II. Background At 4:21:34 a.m. on September 3, 2016, a single-car accident in Danbury killed three people (Raymond Rivera, the car’s driver; Nelson Oseguedo, a passenger sitting behind Rivera; and Warner Nunez, a passenger sitting the back middle seat), and seriously injured two others (Albarran, a passenger in the front passenger’s seat; and Beatriz Grajales, a passenger sitting behind Albarran). See Pl. Rule 56(a)2 Statement of Facts, Att. to Mem. in Opp’n to Mot. Summ. J. (“56(a)2 Stmnt.”), Doc. No. 45-2, at ¶¶ 46, 51, 55–57. Grajales testified that none of the passengers in the backseat was wearing a seatbelt. See Grajales Depo., Ex. B to Defs.’ Mot.

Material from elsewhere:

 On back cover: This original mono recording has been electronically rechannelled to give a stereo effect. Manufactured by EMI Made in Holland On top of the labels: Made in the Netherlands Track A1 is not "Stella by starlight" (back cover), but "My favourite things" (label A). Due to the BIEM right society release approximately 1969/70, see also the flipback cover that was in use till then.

Summ. J. (“Grajales Depo.”), Doc. No. 38-3, at 60:2–8. The five occupants had left Kas’s Bar and Restaurant (“Kas’s”) in Brewster, New York at roughly 4:00 a.m.; they left together in Grajales’s Nissan Maxima (the “Maxima”). See 56(a)2 Stmnt., Doc. No. 45-2, at ¶¶ 53–54. Shortly after leaving Kas’s, Rivera stopped at a gas station, and he and Oseguedo went inside and purchased at least a case of beer. See Grajales Depo., Doc. No. 38-3 at 57:6–58:18.